One could post researchers in the stores for a given period of time (say 2 hours in the morning, 2 hours in the afternoon and 2 hours in the evening), have them observe each ring at the cash register and write it down, and then use that cumulative data from all nine stores to derive a crude estimate of sales per square foot we suppose. But that isn't easy, and somehow we doubt that's what was done. It not only would be helpful to know, but interesting to learn what type of methodology you used in general.
Conclusion
Therefore, knowing this information, along with obtaining answers to questions number 1 and number 2 above, would allow experienced analysts and researchers, as well as consumers, to better understand the basis for what on the face of it appears to be not only excellent but revolutionary news for Tesco's Fresh & Easy Neighborhood Market in the U.S.
However, absent such data--at least some percentages, numbers, stuff of reality--it makes it hard for professionals to take the research report seriously.
We look forward to seeing the study posted online, and getting the answers to all three questions--as we know the many Fresh & Easy Buzz readers, along with consumers and others will as well. Thank you.
Editor's Note: Fresh & Easy Buzz wants to make it perfectly clear, as this piece states, that all of the questions, as well as the piece itself, are addressed to Execution Research regarding it's study of Tesco's Fresh & Easy grocery stores.
The piece and the questions are not addressed to Tesco PLC or its Fresh & Easy Neighborhood Market division, which to our knowledge didn't participate in or fund the study in any way, shape or form.
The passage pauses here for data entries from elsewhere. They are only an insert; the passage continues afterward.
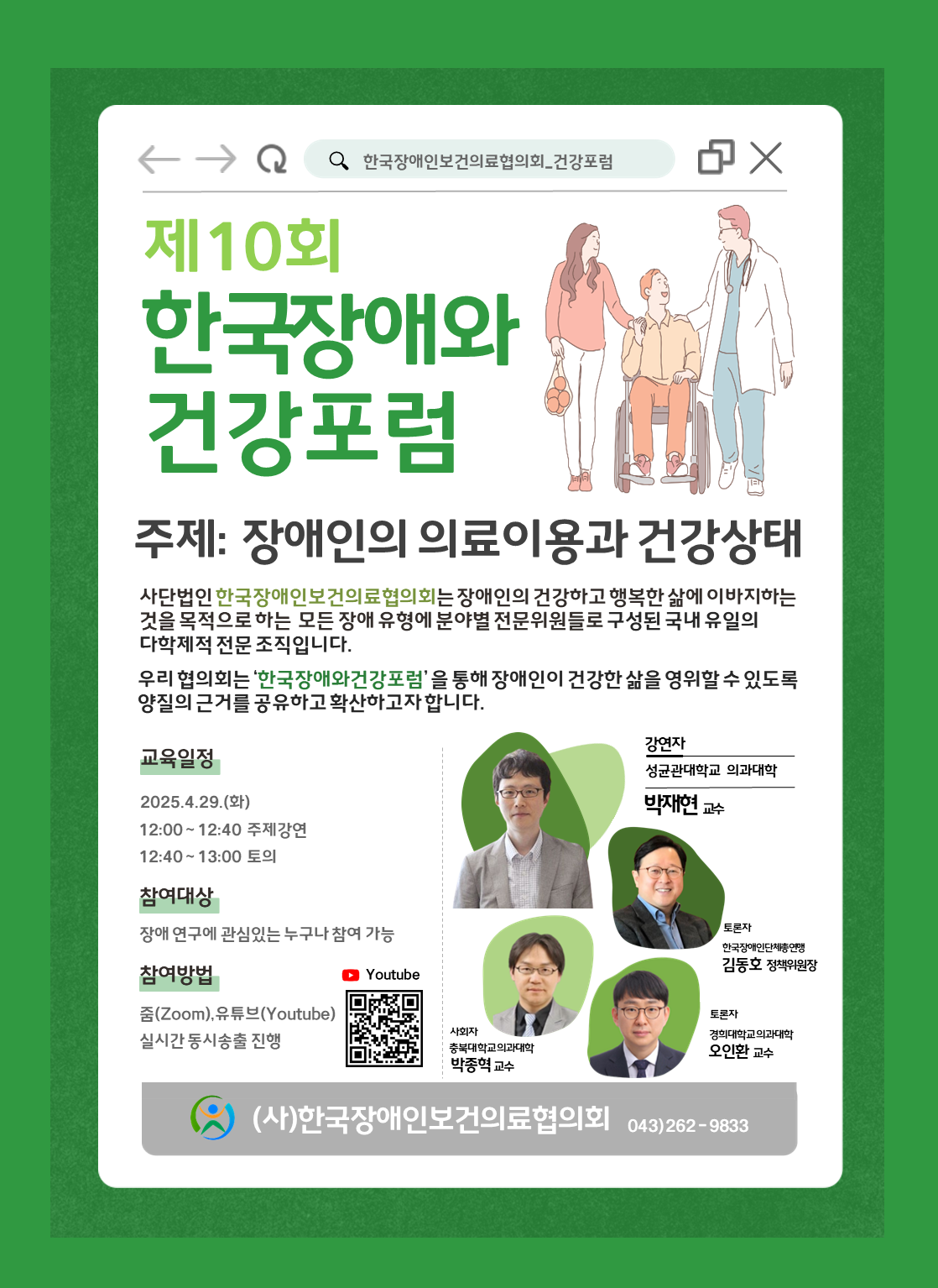 본?포럼은?줌(zoom)과?한국장애인보건의료협의회 공식 유튜브 채널을 통하여 비대면 온라인 생중계로 진행될 예정이오니 많은 관심과 참여 부탁드립니다.
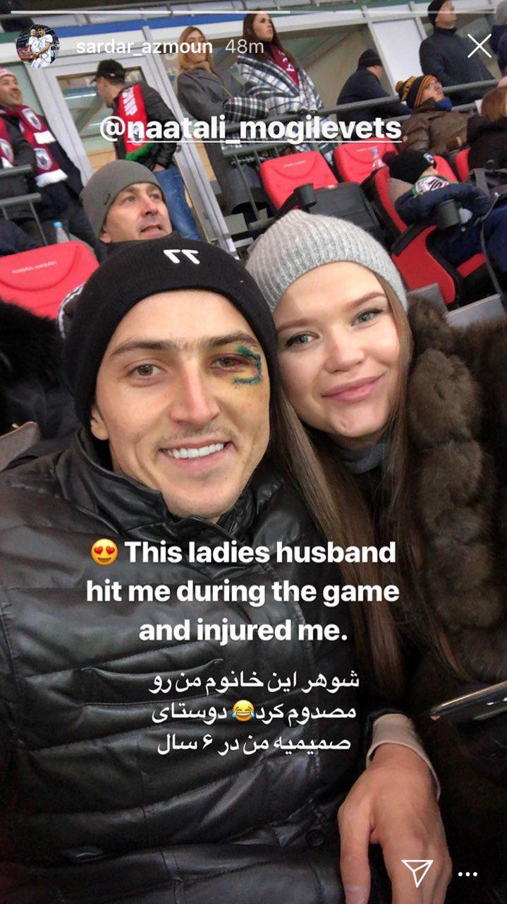 اما همسرپاول میگیلوتس، که شوهرش عضو تیم روبین کازان و همبازی سرداراست و بازیکن ایرانی بخاطر برخورد غیرعمدی با این بازیکن مصدوم شده به دیدن سردار آزمون رفته و بخاطراین اتفاق از او دلجویی کرده است. ازمون هم تصویر این ملاقات را در شبکه اجتماعی خود قرار داده و نوشته:«شوهراین خانم من را مصدوم کرد. دوستای صمیمیه من در6 سال.»
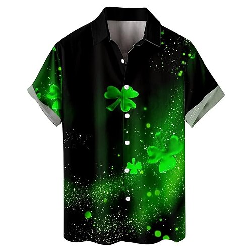 Herz Buchstabe Brautkleider schlicht Herren Hemd Freizeitskleidung Ausgehen Wochenende Herbst Umlegekragen Kurze Ärmel Dunkelgrün, Grün S, M, L 4-Wege-Stretchgewebe Hemd St. Patrick

Further, the piece and the questions aren't addressed to the Financial Times. The publication has the right, which we respect, to publish any story in any way that meets its editorial standards, just as we have the right to suggest including more about the study in their story would have illuminated the findings better in our opinion.
4 comments:
Heck, I jokingly call F&E a cult too. As I try to convert my friends to get to their nearest stores to test it out. My "Temple of Fresh & Easy" blog is a testament to that.
It beats Trader Joe's on the crowd, that's for sure.
1. Why is Fresh and Easy a cult when there are few shoppers shopping there? There are never more than 10 or 20 shoppers at a store at one time. During the same period, Whole Foods and Trader Joe's stores have 50 to 100 shoppers.
2. No one sells fresh as much as Whole Foods. Shoppers pay a premium for that freshness at Whole Foods.
3. Fresh and Easy gives out $5 coupons often every week. They also discount their prices by 50% when items are due to expire. With these discounts, F&E could be lower than Walmart.
Great post.
Although I believe of all 3 retailers Trader Joe's does the best job, their biggest weakness is their produce. For me, good produce and freshness go hand in hand and I could believe that other retailers have "fresher" produce.
It would be nice to know the questions the research firm asked the customers in terms of how to arrive at which grocer has the "freshess" produce, wouldn't it?
A "study" like this without any data published to back it up is merely an opinion.
This is why we have these THREE questions for Executive Research Ltd. about their study and the results they gave to the Financial Times.
Fresh & Easy Buzz hasn't heard anything from the research firm yet; nor have we seen either the study published or even a summary of it published to date.
We've received a few emails asking us if we have; so wanted to respond here.